=== Information ===

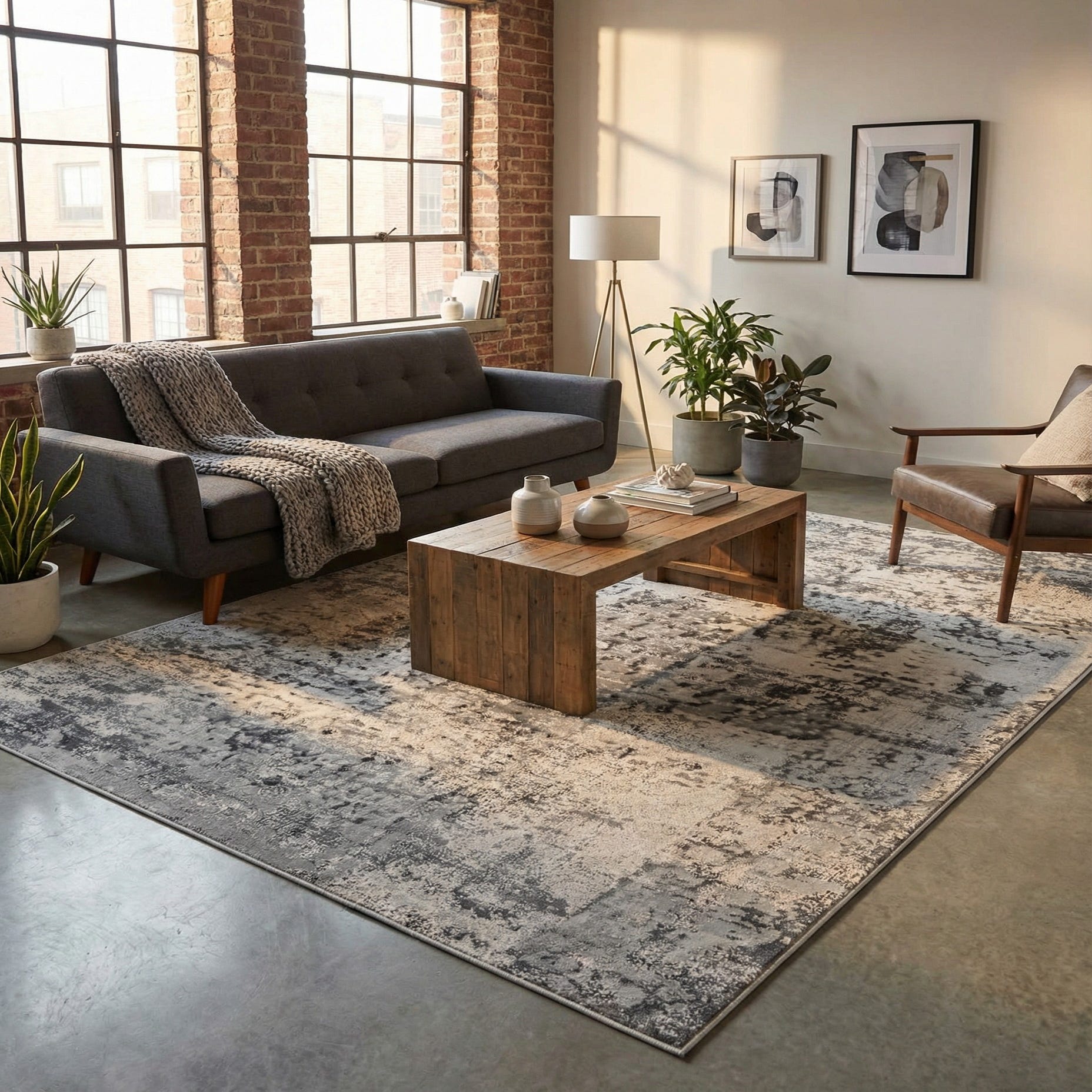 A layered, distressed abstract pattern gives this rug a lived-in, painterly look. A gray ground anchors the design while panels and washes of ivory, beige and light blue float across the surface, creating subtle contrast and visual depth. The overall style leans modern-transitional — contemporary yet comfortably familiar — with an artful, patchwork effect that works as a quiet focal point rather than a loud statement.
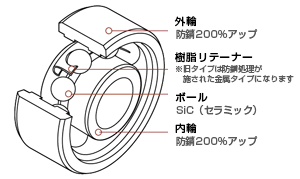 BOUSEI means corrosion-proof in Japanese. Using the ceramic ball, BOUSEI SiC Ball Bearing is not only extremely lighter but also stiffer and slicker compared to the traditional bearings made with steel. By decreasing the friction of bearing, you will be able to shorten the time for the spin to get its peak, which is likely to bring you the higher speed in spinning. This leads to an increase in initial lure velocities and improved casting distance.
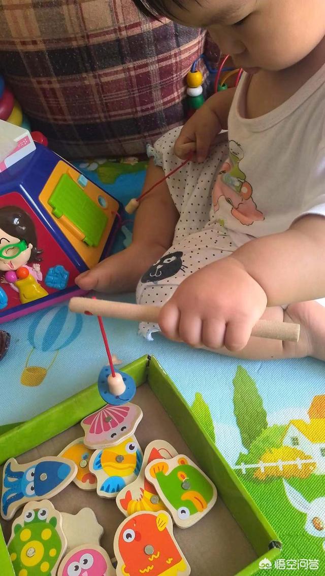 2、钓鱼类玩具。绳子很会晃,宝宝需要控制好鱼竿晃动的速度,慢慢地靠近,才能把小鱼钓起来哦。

===
=== Information ===

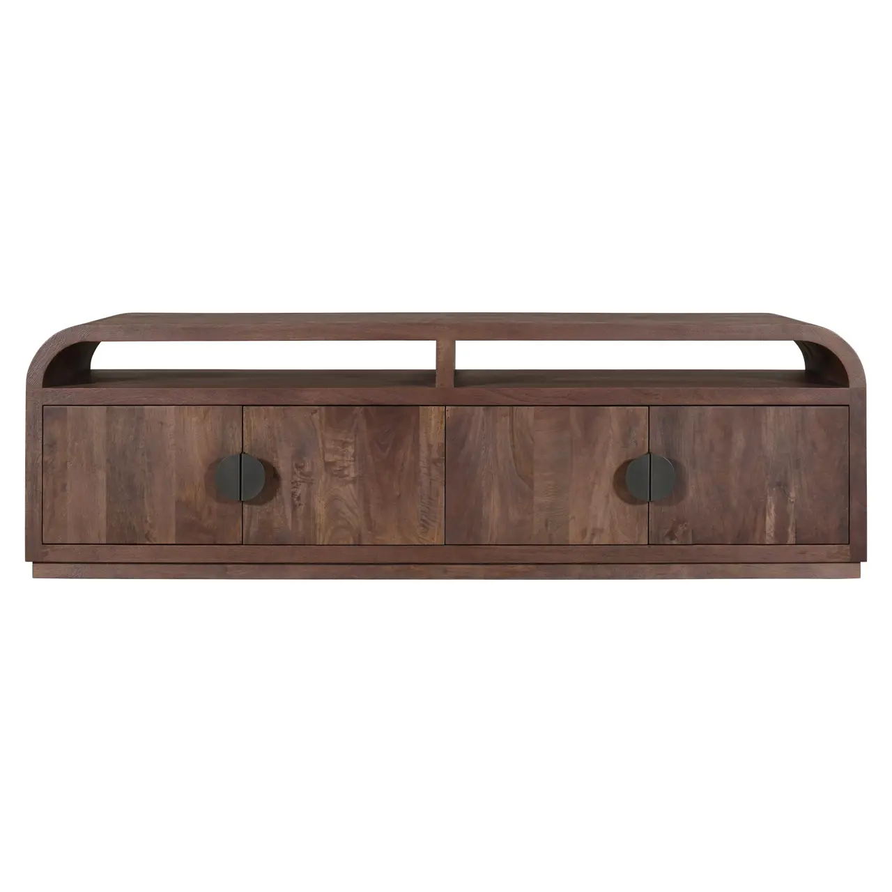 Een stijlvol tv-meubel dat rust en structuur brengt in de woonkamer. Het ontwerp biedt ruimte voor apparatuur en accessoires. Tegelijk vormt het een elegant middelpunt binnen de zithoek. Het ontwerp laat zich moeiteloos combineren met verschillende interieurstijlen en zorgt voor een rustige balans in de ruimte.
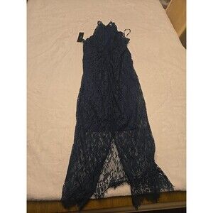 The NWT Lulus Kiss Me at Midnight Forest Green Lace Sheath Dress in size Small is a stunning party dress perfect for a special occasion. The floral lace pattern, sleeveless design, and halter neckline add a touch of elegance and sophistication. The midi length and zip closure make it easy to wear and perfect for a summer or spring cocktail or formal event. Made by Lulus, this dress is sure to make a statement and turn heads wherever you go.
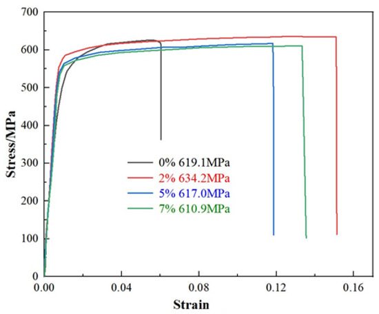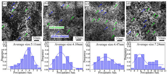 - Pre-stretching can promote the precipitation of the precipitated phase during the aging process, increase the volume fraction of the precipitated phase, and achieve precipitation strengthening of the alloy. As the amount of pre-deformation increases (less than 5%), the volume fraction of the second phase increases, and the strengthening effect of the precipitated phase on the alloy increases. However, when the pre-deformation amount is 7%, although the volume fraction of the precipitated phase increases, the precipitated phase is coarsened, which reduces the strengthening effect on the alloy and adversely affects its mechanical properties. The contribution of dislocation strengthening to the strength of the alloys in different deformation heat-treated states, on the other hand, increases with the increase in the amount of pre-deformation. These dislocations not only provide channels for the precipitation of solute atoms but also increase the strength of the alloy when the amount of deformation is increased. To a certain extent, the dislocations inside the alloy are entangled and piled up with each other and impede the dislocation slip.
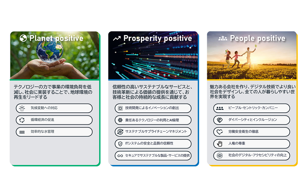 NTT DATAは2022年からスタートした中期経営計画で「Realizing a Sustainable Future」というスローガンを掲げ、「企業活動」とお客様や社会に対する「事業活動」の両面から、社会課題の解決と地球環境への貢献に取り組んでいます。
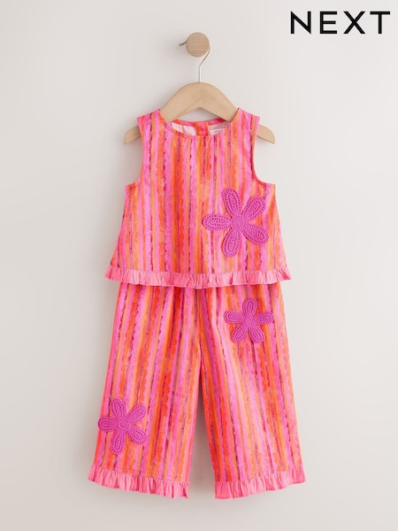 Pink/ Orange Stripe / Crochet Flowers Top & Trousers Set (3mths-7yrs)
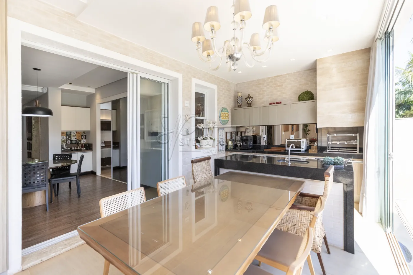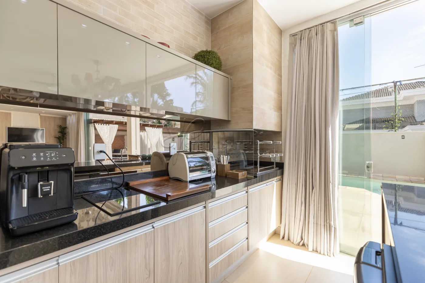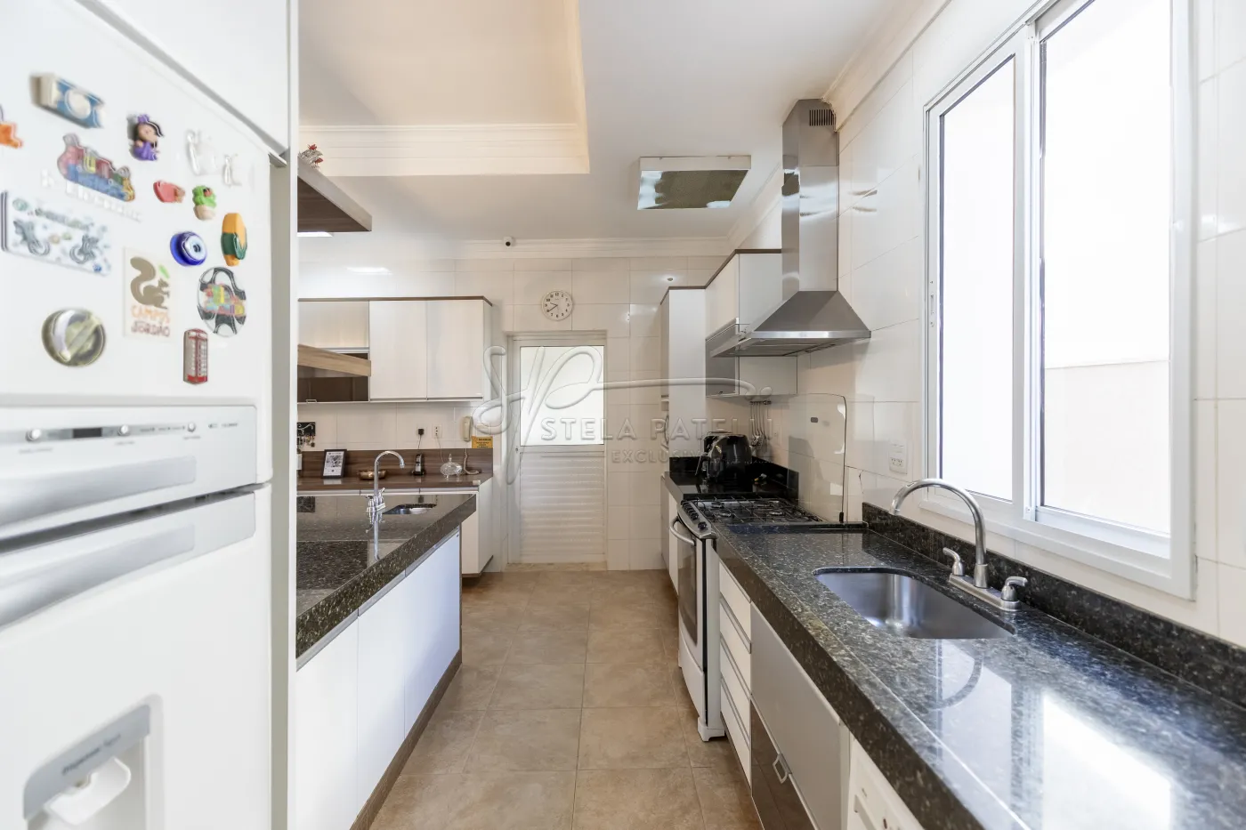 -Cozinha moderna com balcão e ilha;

===

Problem: Copy the listing above exactly, but only from the line with "Pink/ Orange Stripe" through the line with "-Cozinha moderna com balcão e ilha;", including those two lines and excluding any picture.

Answer section:
 Pink/ Orange Stripe / Crochet Flowers Top & Trousers Set (3mths-7yrs)
 -Cozinha moderna com balcão e ilha;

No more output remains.